Segment Start: Data shown

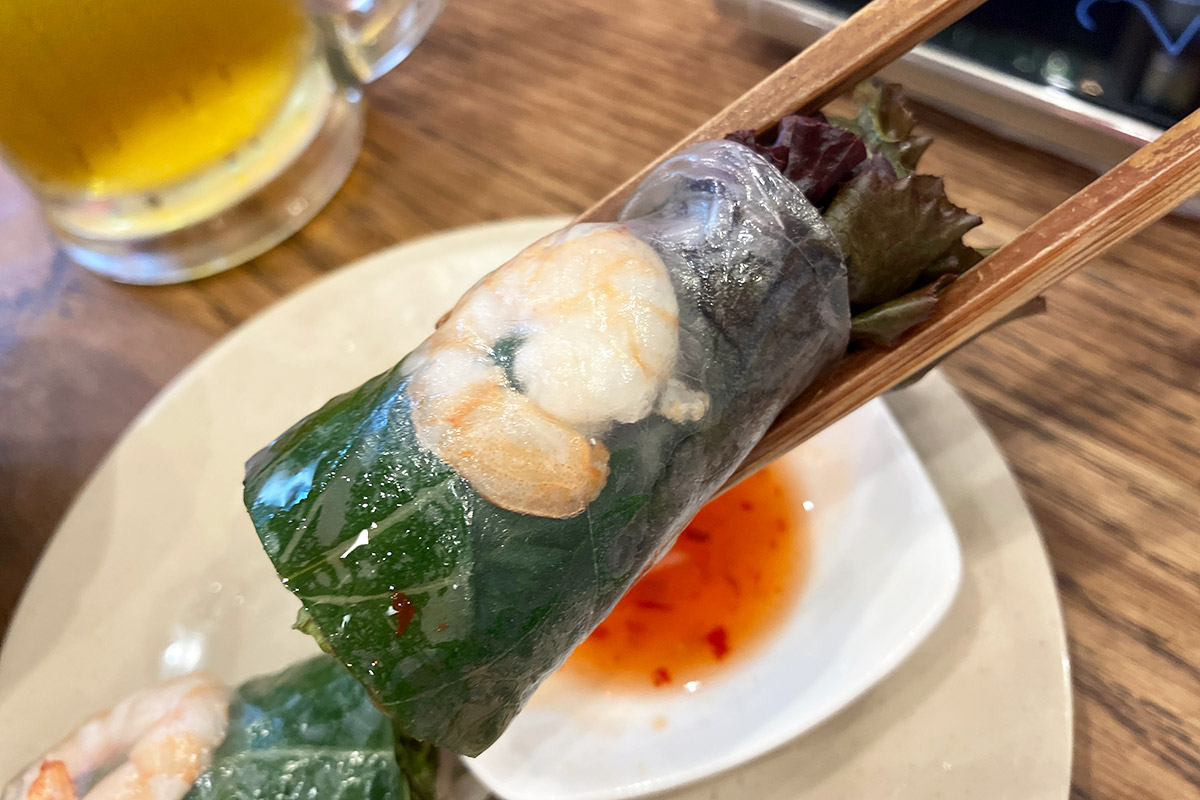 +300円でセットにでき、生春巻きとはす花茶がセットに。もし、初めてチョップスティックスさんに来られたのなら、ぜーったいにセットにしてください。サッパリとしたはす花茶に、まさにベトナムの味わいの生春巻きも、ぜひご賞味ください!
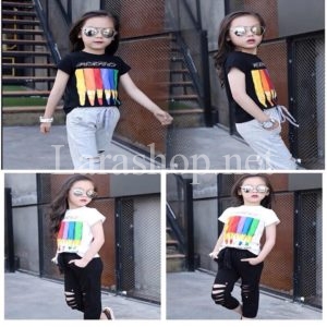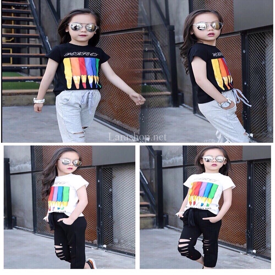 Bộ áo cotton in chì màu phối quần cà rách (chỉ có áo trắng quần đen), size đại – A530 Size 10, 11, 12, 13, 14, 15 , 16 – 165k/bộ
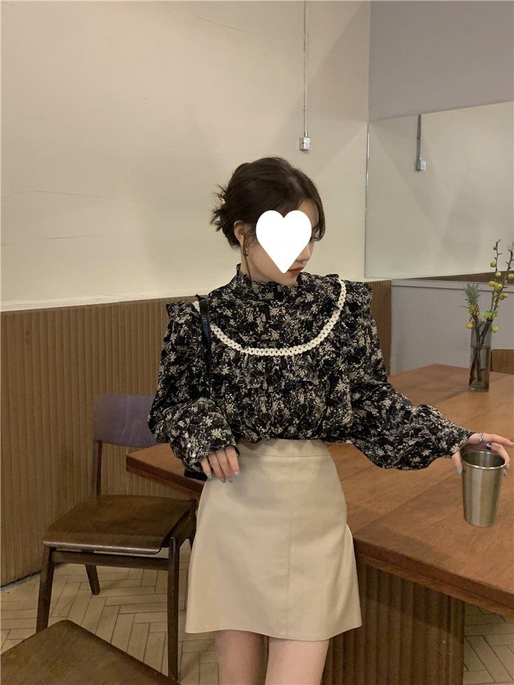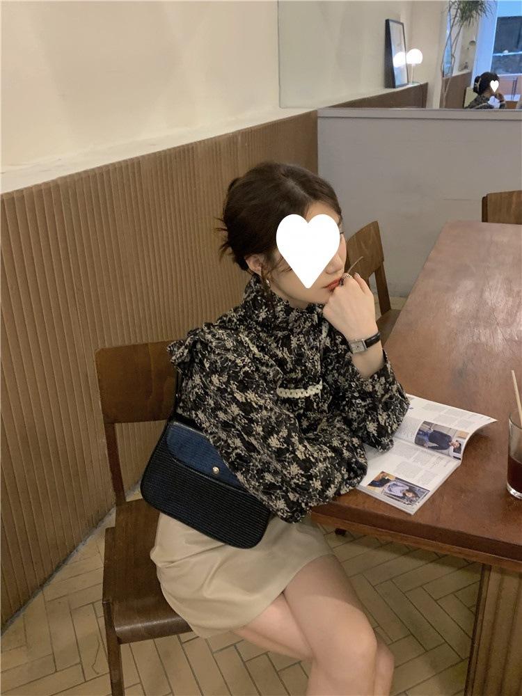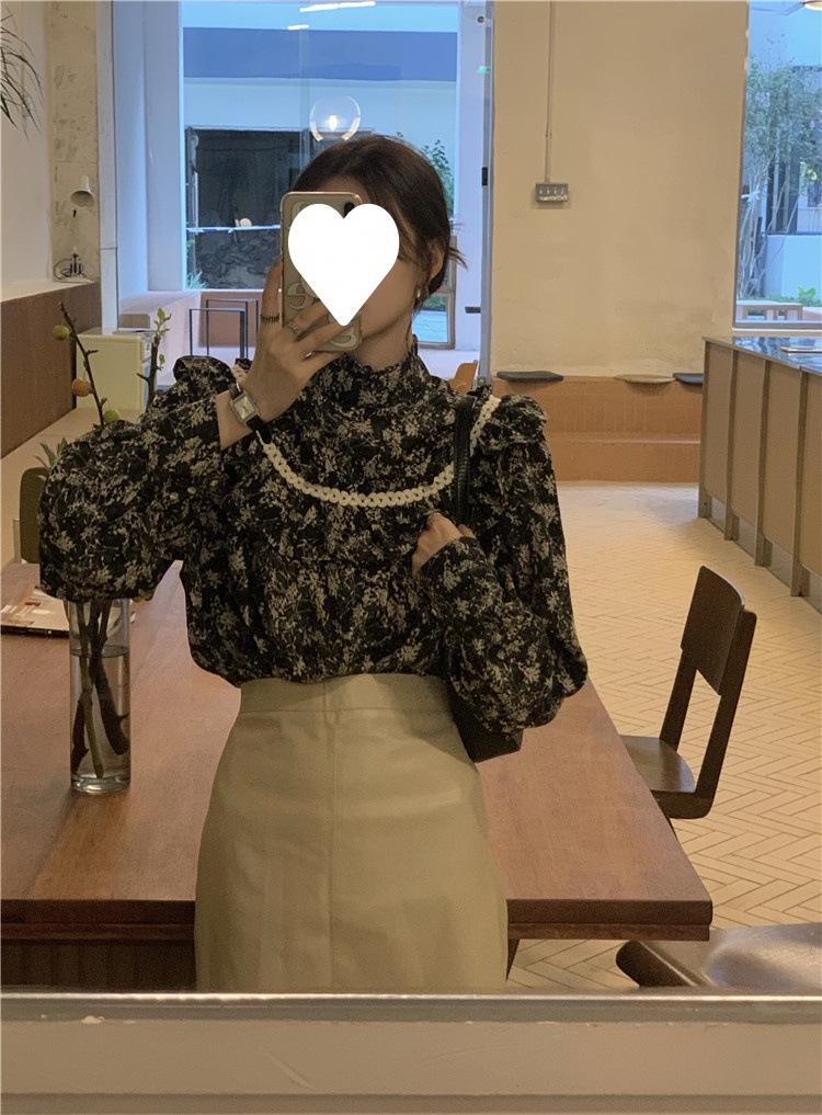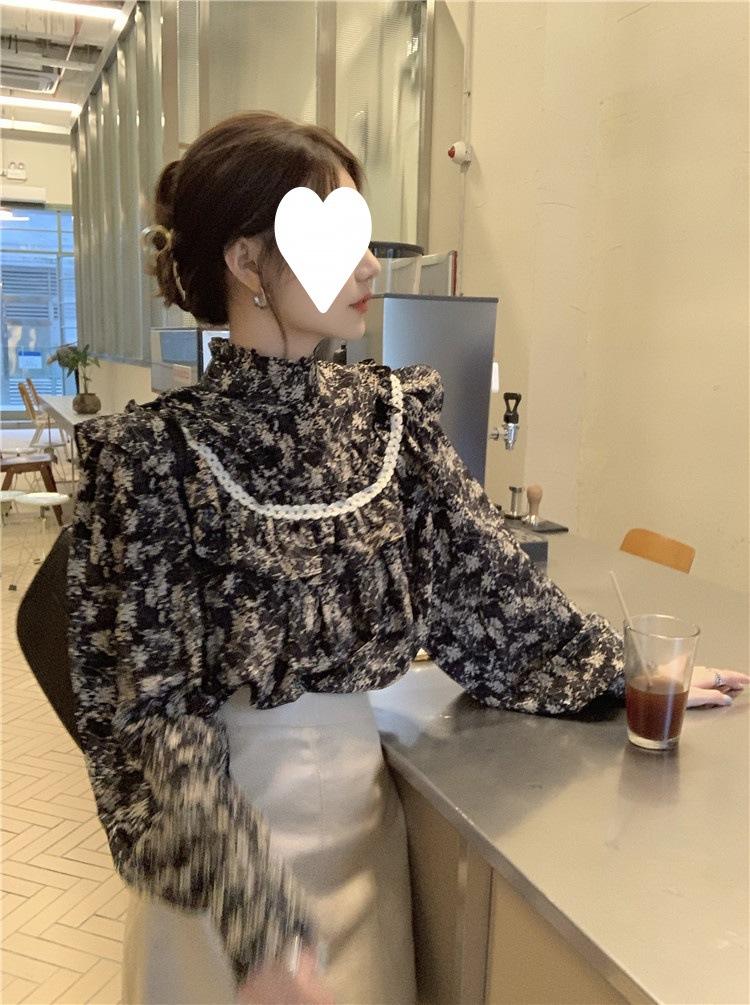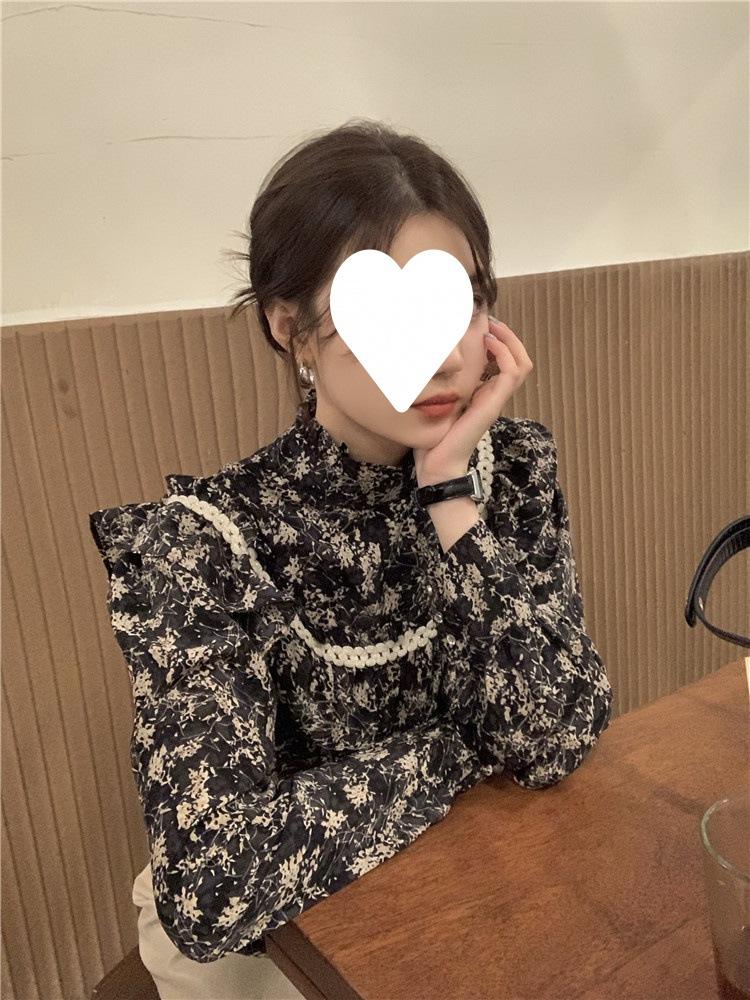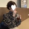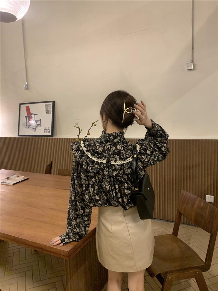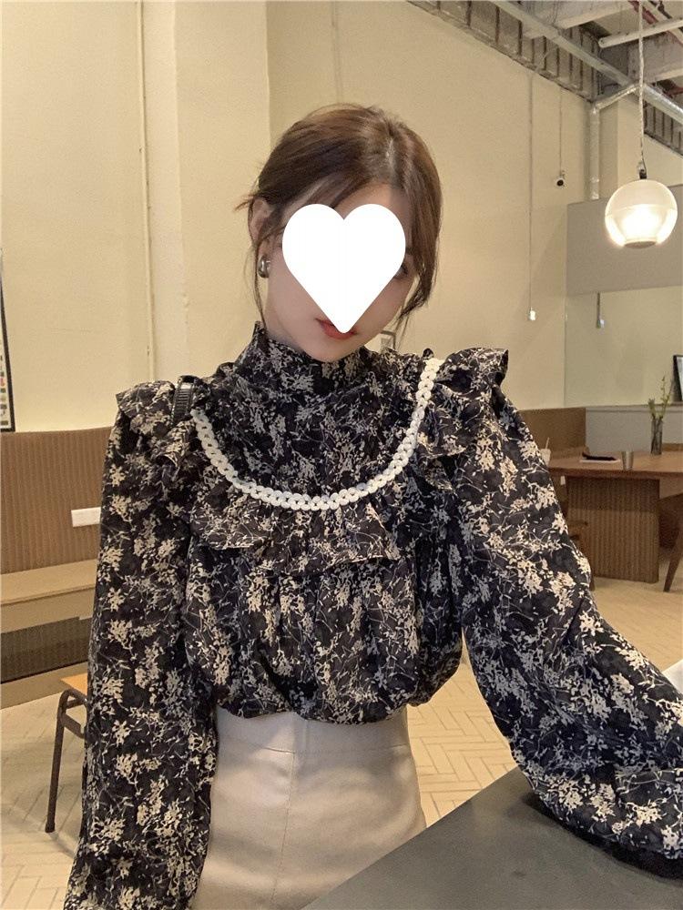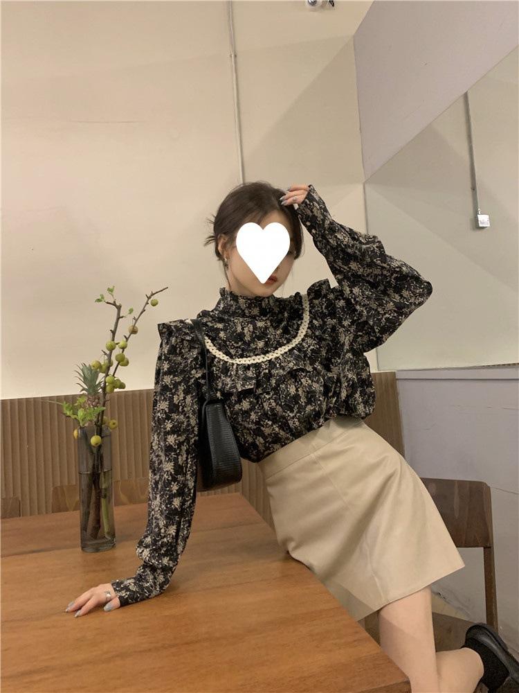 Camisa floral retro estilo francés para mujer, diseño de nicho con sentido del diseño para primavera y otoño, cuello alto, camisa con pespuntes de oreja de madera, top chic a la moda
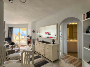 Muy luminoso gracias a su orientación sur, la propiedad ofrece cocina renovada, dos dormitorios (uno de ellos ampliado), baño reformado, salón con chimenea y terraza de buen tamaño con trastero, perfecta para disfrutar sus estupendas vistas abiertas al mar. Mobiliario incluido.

Segment End: Data shown

Instructions to follow:
Your response must consist of the lines from the beginning of the data through the line containing "Bộ áo cotton", transcribed exactly, with no pictures.

Response to the exercise:
 +300円でセットにでき、生春巻きとはす花茶がセットに。もし、初めてチョップスティックスさんに来られたのなら、ぜーったいにセットにしてください。サッパリとしたはす花茶に、まさにベトナムの味わいの生春巻きも、ぜひご賞味ください!
 Bộ áo cotton in chì màu phối quần cà rách (chỉ có áo trắng quần đen), size đại – A530 Size 10, 11, 12, 13, 14, 15 , 16 – 165k/bộ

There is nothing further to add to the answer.